Смеются, кричат уже у ворот:
— Мы — тимуровская команда!
Так с деньгами в руках и осталась.
— Спасибо вам!
А ребят уже не видно.
Распилила сухое бревно. Огонь в печке запылал. Села возле печки. Задумалась:
«Дорогие ребята, если б вы знали, как много для меня сделали… Сколько вот так, душевно просто, приносите вы радости… Нет одиночества на нашей земле».
Пришла Ася с какой-то девушкой.
— Познакомьтесь, Ольга Константиновна! Это Люда, секретарь нашего райкома комсомола. Мы с ней проходили мимо и зашли.
— Очень рада. Присаживайтесь ближе к печке, — пригласила я. — Это ваши тимуровцы согрели меня.
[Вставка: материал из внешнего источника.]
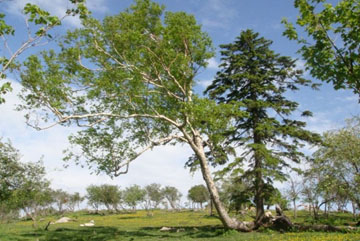 在長白山西坡一千六百米地帶,處處可見松樹和樺樹相依相偎生長在一起的動人情景:松樹高大挺拔,莊嚴(yán)肅穆,象一位陽剛偉岸的男子;樺樹枝葉舒展,體態(tài)婀娜,似一個柔媚俏麗的佳人。這種奇觀位于長白山的高山花園地帶下方,是針葉林和闊葉林的混合交界區(qū)域,分屬于兩個植被帶上的代表性植物松樹和樺樹,在這里就像兩位感情篤深的戀人一樣,根連根,枝攀枝,共生共長。他們既像一對對情侶,在如毯般鋪就的松軟草地上約會,又像在一起舉行盛大的集體婚禮,這就是陣容強大的“松樺之戀”景觀。實際上,這是因長白山頂部區(qū)域因海拔高,空曠風(fēng)大,土層淺薄且含水量大,單獨的松樹或樺樹在這里都不易生存,極易被山風(fēng)刮倒,而兩樹相伴共生,以松樹的根莖能深深扎入巖石的縫隙中,不被狂風(fēng)拔起,而岳樺的根須能廣泛地分布表層土壤中,起到穩(wěn)固的作用,這是植物與嚴(yán)酷的環(huán)境抗?fàn)幍漠a(chǎn)物,也是自然界長期選擇和淘汰的結(jié)果。在不同的季節(jié)里,“松樺戀”呈現(xiàn)出不同的景象。他們相互簇?fù)?、剛?cè)嵯酀?、生死在一起的決絕,自然引發(fā)人們給予他們美好情愛的敬仰和謳歌。人們常常躑躅他們面前生出無限感慨:看到松樺之戀,誰說草木無情!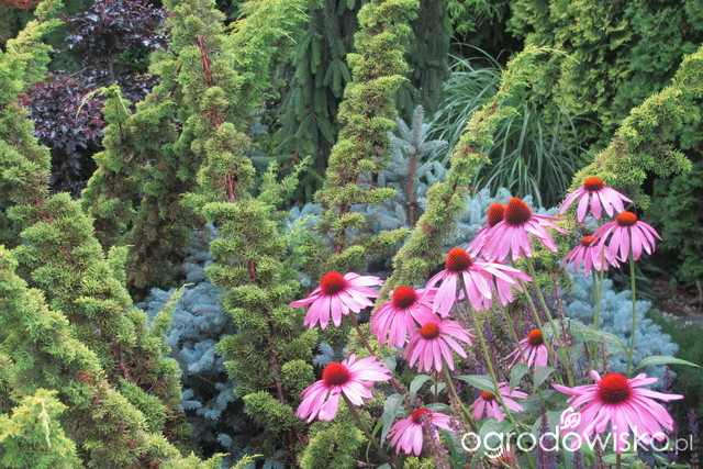 ale połączenie kolumnowy żółty i pierzasty bez z ciemnozieloną kulą cisową moim zdaniem to byłaby bomba. Do tego była mowa o hortensjach limelight - one też by świetnie pasowały. I wtedy miskanty nie musiałyby bezpośrednio sąsiadować z bzem. O tak: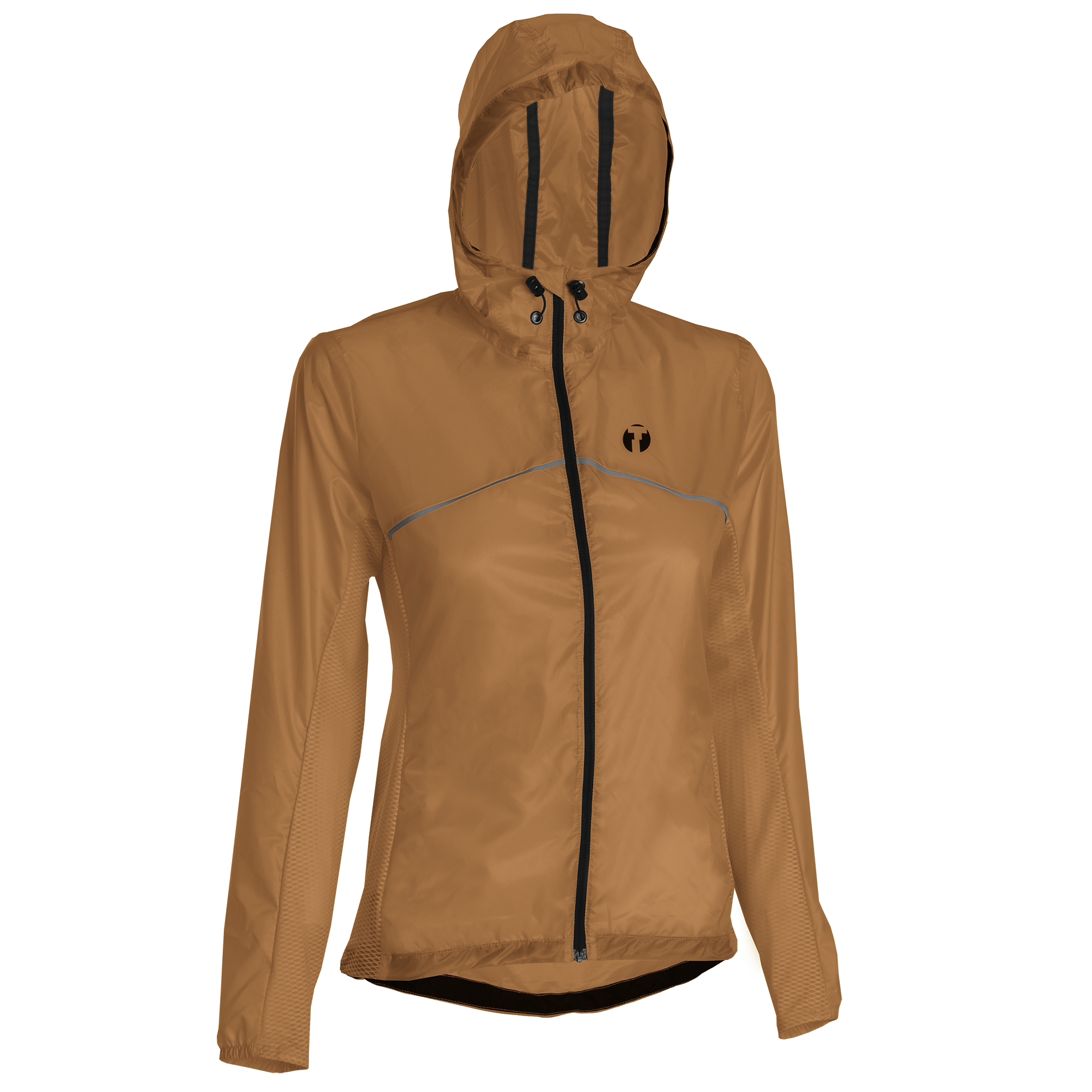 Löparjackan har en åtsittande, smal passform med tekniskt framåtböjda armar, vilket ger total rörelsefrihet. Jackan har även stora ventilationszoner längs sidorna och under armarna, vilket ger bra ventilation vid höga aktivitetsnivåer. Jackan kan justeras med gummiband nedtill samt har reflexdetaljer som bidrar till ökad synlighet i mörkret.

В комнате теперь тепло. Надо бы работать, но без посторонних глаз не могу сейчас обойтись.
Люда заботливо спросила:
— А если к вам будут приходить каждый день часа на два, на три читать, переписывать — это вас устроит?
— Да я о большем и не мечтаю, — обрадовалась я.
В голосе Люды послышались и внимание, и теплота. Да и вся ее небольшая фигурка понравилась мне. Есть люди, которые своим обаянием покоряют сразу. К ним не надо долго приглядываться.
— Мы будем вам присылать комсомолок, учениц старших классов. Думаю, сумеют вам помочь, — сказала девушка. — К вам зайдет директор соседней школы, и вы с ней решите, когда удобнее приходить школьницам.
Обстрелы усиливаются. Сегодня я, устав за день, крепко спала… Проснулась от удара и острой боли в голове. Снаряд разорвался близко. Стараюсь приподняться и не могу. Новый удар… еще и еще ближе. Покорно, с детской беспомощностью смотрю в темноту комнаты. Разрывы следуют ритмично, один за другим.
Утром пришла Шура, рассказала:
— Дом наш в кругу оказался. Со всех сторон рвались снаряды. А он — низенький, его, должно быть, большие дома да сад защищали. Попали в очаг и школу. С правой стороны — в завод и институт, с левой — в Дом культуры. Два снаряда влетели в детскую больницу, где я работаю. Какая это была страшная ночь! Дежурила одна на всю палату… Перетащу детей в убежище. Затихнет — тащу обратно. Снова тревога… Опять в убежище.
Очаг, школа, Дом культуры, детская больница — вот «Военные объекты» немцев!
С директором школы договорилась. Сегодня первый раз пришла ко мне комсомолка Зоя. Прочитала все письма. Они неделю лежали нераспечатанными.
Вишневский пишет из Москвы. Врачи нашли у него острое переутомление. Направили в санаторий. Там он, наверное, пробудет больше месяца. Это хорошо! Пусть отдыхает.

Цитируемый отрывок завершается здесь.